● **EXERCISE AIM**:
The answer must consist solely of the lines from the line with "Nomination Composable Classic size" to the end of the data below, transcribed exactly and with no pictures.
Top of DATA EXTRACTS
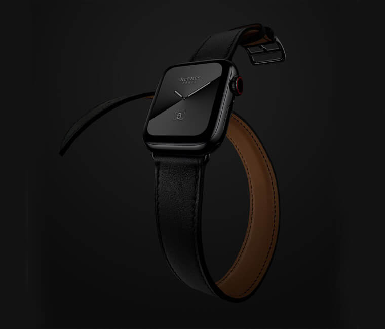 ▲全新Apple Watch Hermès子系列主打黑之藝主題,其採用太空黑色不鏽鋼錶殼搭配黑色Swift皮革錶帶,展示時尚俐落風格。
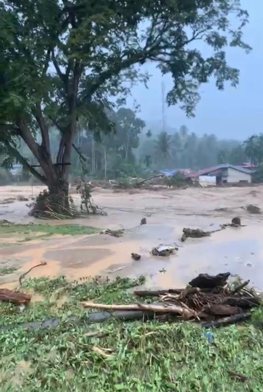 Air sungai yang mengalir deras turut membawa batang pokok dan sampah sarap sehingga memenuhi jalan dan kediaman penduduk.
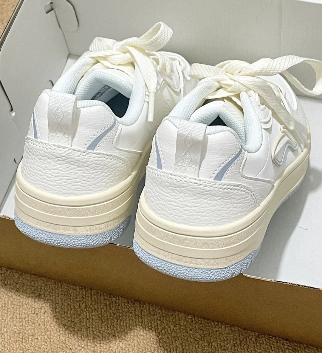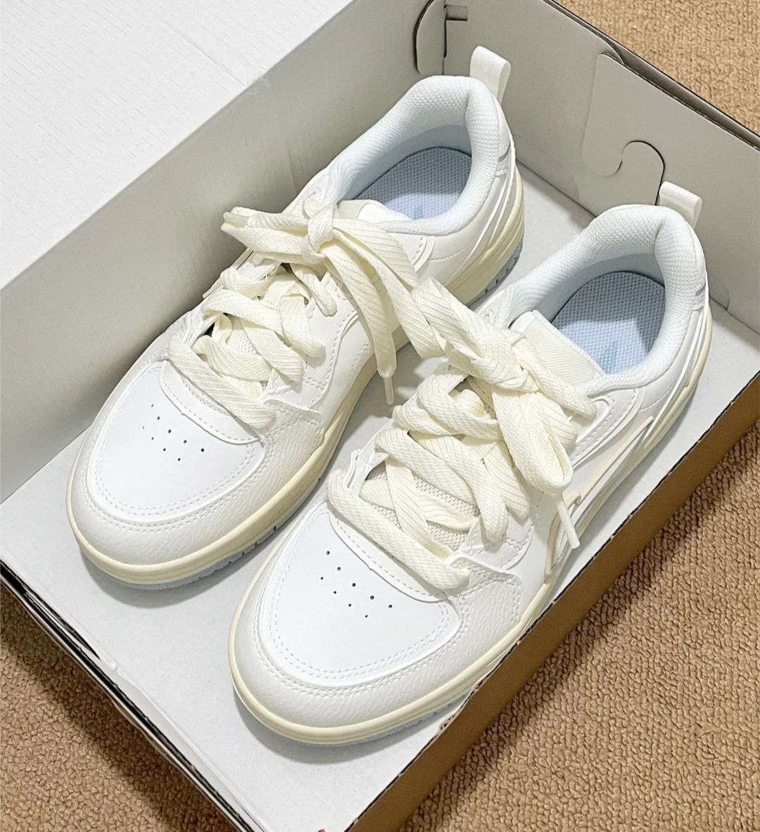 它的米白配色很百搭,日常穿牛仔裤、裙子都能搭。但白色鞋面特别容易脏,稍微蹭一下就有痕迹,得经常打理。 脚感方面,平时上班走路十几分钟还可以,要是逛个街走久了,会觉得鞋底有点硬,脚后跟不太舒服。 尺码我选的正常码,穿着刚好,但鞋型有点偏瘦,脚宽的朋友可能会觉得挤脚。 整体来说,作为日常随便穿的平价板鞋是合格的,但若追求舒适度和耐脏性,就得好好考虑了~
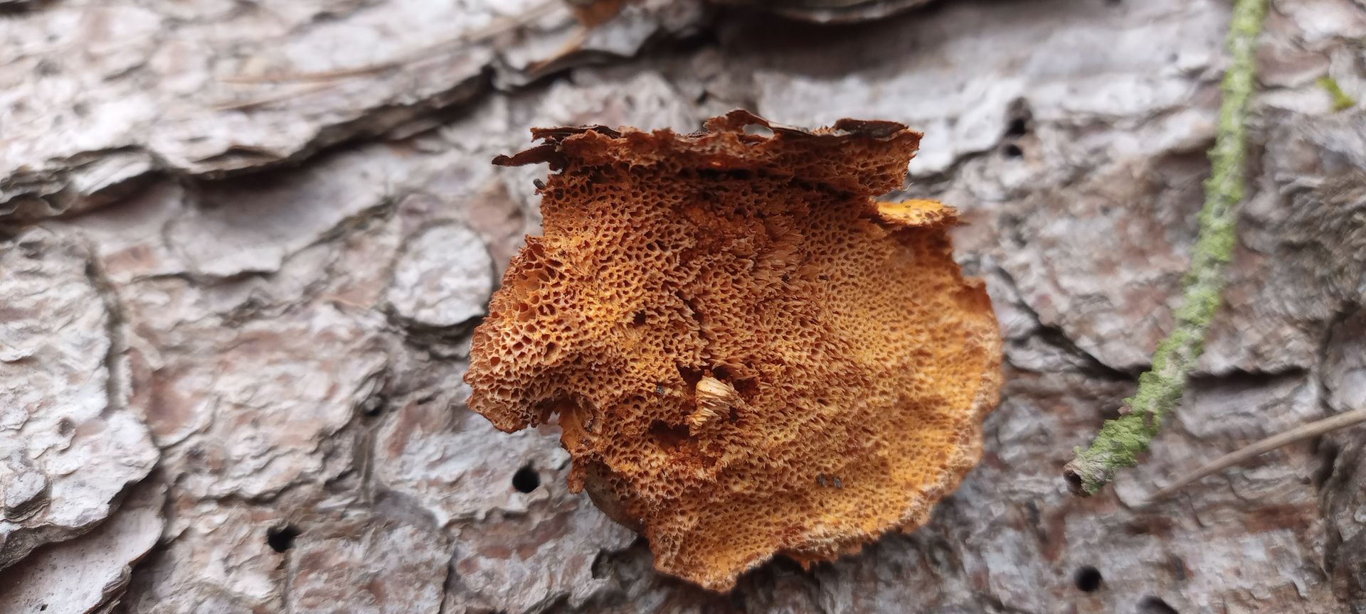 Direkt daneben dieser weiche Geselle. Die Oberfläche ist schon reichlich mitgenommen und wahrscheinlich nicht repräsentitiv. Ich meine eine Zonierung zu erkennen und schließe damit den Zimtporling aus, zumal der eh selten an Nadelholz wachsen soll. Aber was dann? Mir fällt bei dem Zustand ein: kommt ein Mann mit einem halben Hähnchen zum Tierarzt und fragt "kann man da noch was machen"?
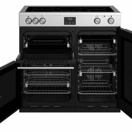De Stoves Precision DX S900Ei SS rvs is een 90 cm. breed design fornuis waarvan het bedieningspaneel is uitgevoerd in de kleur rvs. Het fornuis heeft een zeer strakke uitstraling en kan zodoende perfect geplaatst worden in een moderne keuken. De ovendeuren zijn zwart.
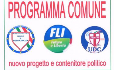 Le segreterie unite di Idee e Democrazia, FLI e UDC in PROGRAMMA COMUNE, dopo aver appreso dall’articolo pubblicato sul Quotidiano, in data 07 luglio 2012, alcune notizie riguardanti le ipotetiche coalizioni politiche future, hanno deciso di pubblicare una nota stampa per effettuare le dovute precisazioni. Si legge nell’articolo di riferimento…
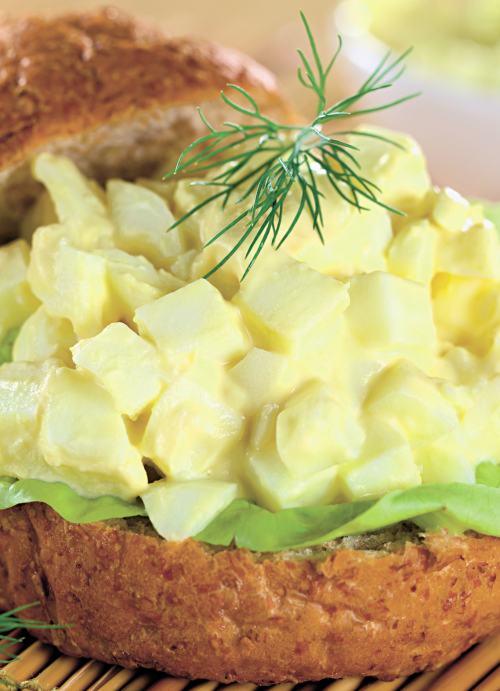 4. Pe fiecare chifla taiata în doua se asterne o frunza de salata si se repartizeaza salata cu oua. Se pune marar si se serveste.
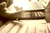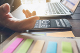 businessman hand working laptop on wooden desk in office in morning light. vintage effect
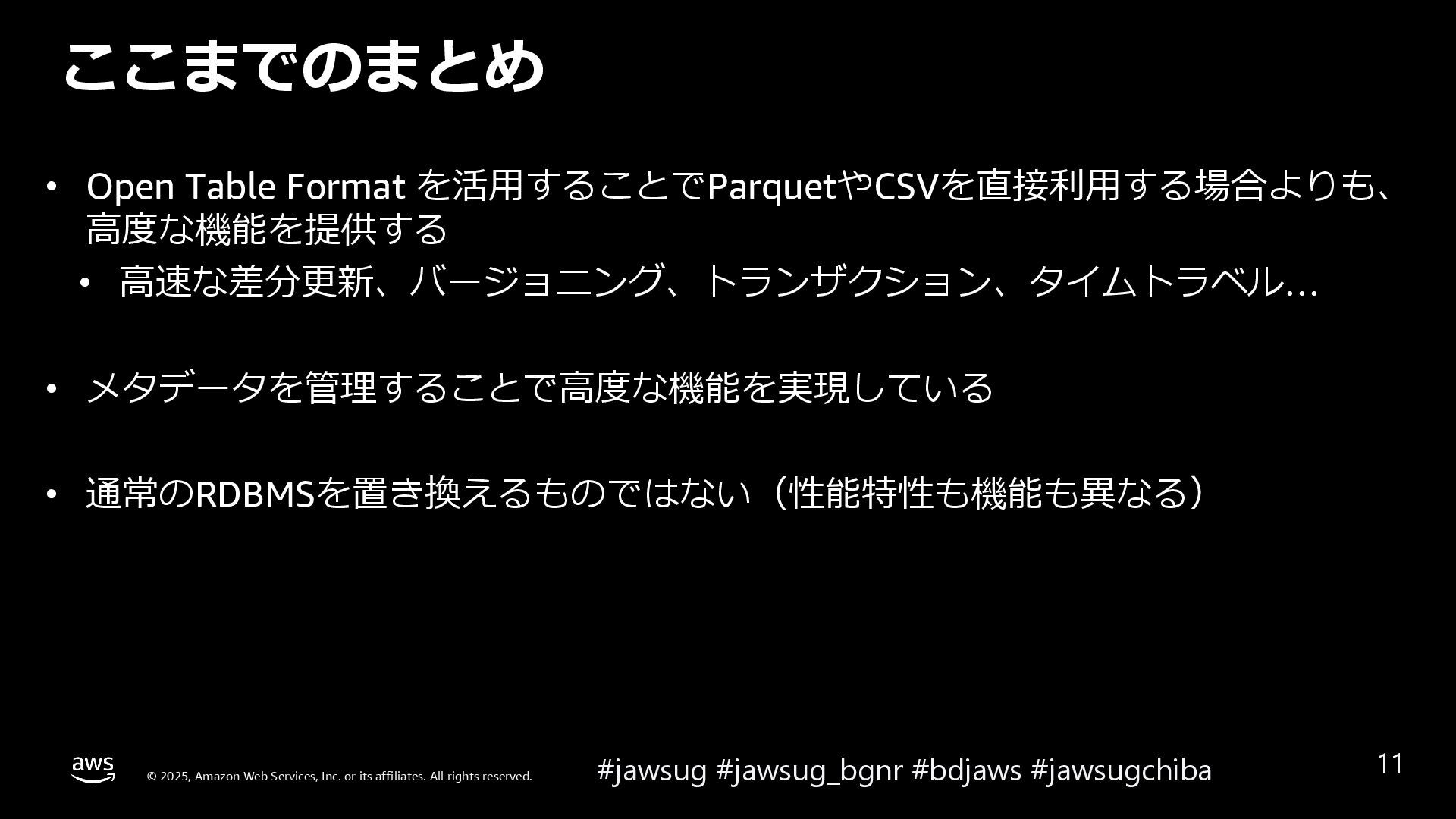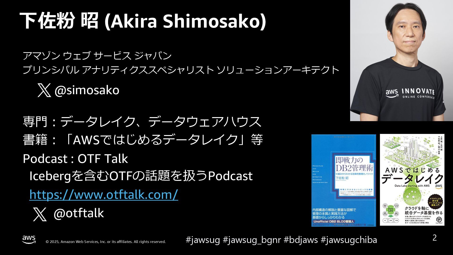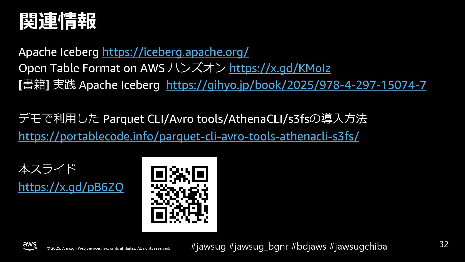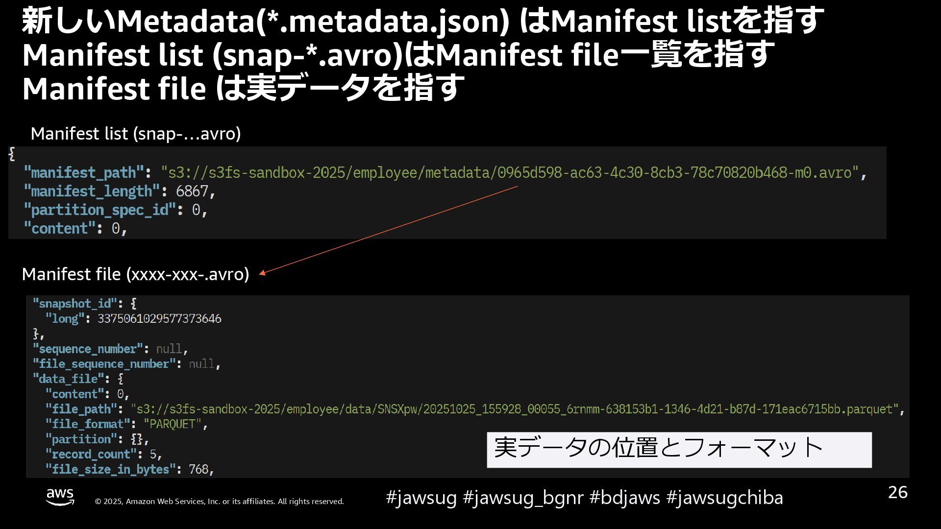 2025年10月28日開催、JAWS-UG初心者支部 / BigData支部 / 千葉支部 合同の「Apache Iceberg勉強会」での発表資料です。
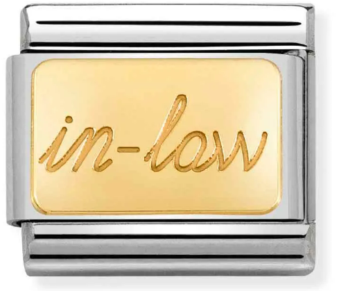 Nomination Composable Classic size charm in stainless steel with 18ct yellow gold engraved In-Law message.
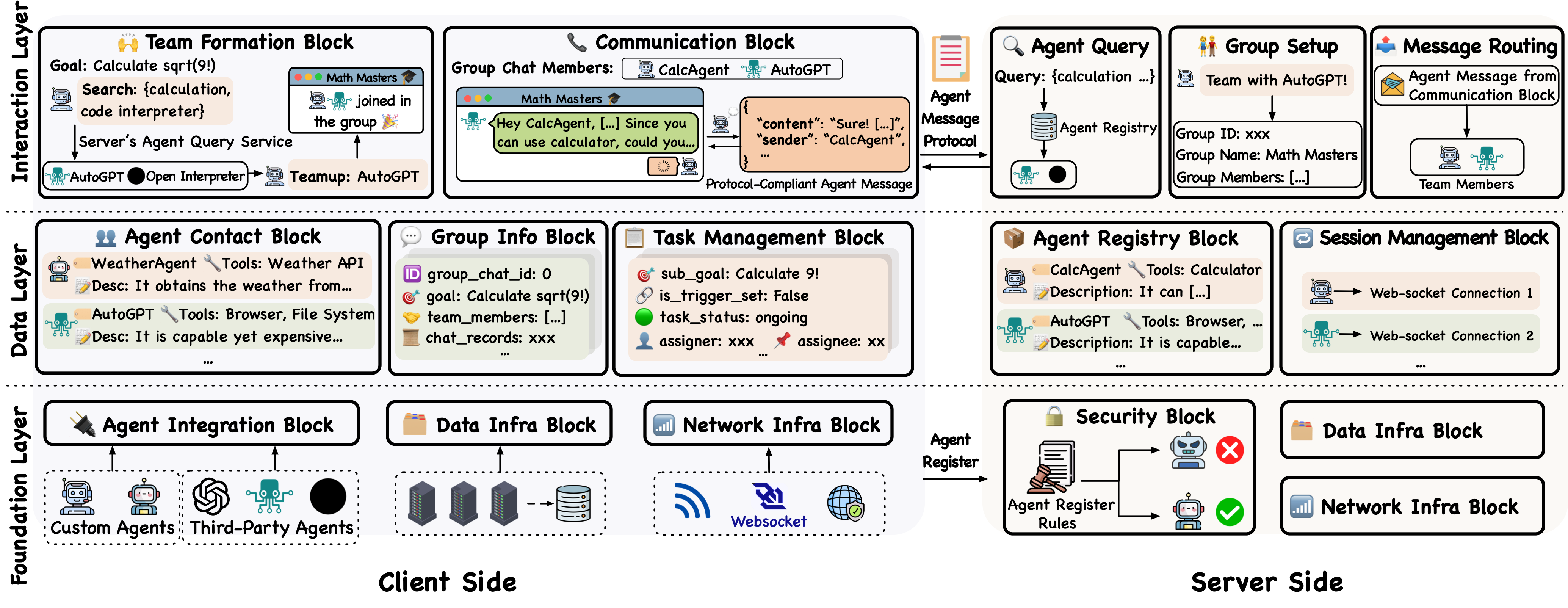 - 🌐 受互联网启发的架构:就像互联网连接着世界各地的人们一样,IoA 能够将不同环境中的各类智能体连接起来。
Bottom of DATA EXTRACTS
● **TASK SOLUTION**:
 Nomination Composable Classic size charm in stainless steel with 18ct yellow gold engraved In-Law message.
 - 🌐 受互联网启发的架构:就像互联网连接着世界各地的人们一样,IoA 能够将不同环境中的各类智能体连接起来。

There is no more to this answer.